Queste cose ve le ho dette in modo velato, ma viene l’ora in cui non vi parlerò più in modo velato e apertamente vi parlerò del Padre. In quel giorno chiederete nel mio nome e non vi dico che pregherò il Padre per voi: il Padre stesso infatti vi ama, perché voi avete amato me e avete creduto che io sono uscito da Dio.
Sono uscito dal Padre e sono venuto nel mondo; ora lascio di nuovo il mondo e vado al Padre».
At 18,23-28   Sal 46   Gv 16,23-28

Chi non chiede Dio stesso a Dio, ancora non ha chiesto niente.
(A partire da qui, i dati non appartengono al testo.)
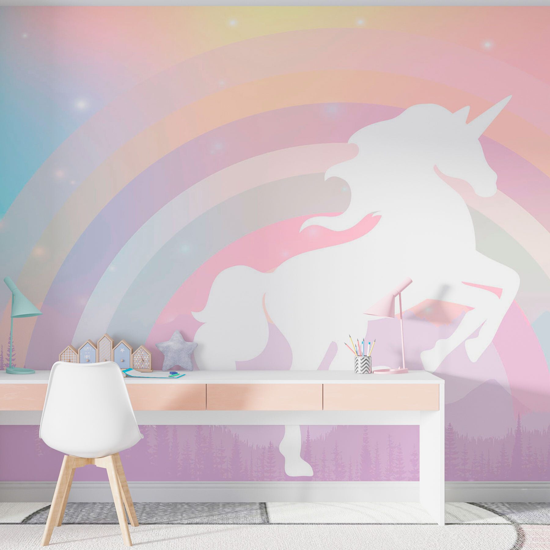S touto okouzlující nástěnnou malbou jednorožce proměníte jakýkoli prostor v rozmarnou říši divů! Představte si to: jemné pastelové barvy se prolínají do snové duhy, zatímco v pozadí tiše přihlížejí majestátní hory. Tato nástěnná malba je jako hřejivé objetí pro vaše stěny, které do vašeho každodenního života vnese kapku magie. Představte si úsměvy, které vykouzlí na tvářích dětí i dospělých a vyvolá snění o dobrodružstvích a bájných říších. Skvěle se hodí do dětských pokojů, heren nebo jakéhokoli koutu, který by potřeboval kapku radosti. Je to hravý únik, díky němuž se domov bude cítit o něco výjimečněji. Kdo by nechtěl, aby nad jeho pohovkou skotačil jednorožec?

Elimina da me tutto quello che ostacola la mia rassegnazione alla tua totale donazione. Dammi il tuo Respiro. Dammi il tuo cuore. Dimora in me e fammi dimorare in te. Nelle tempeste della vita dammi di radicarmi in te. Nelle gioie della vita fammi gustare la tua presenza in ogni sorriso. Nella notte fammi vedere la tua luce, fammi essere la tua luce.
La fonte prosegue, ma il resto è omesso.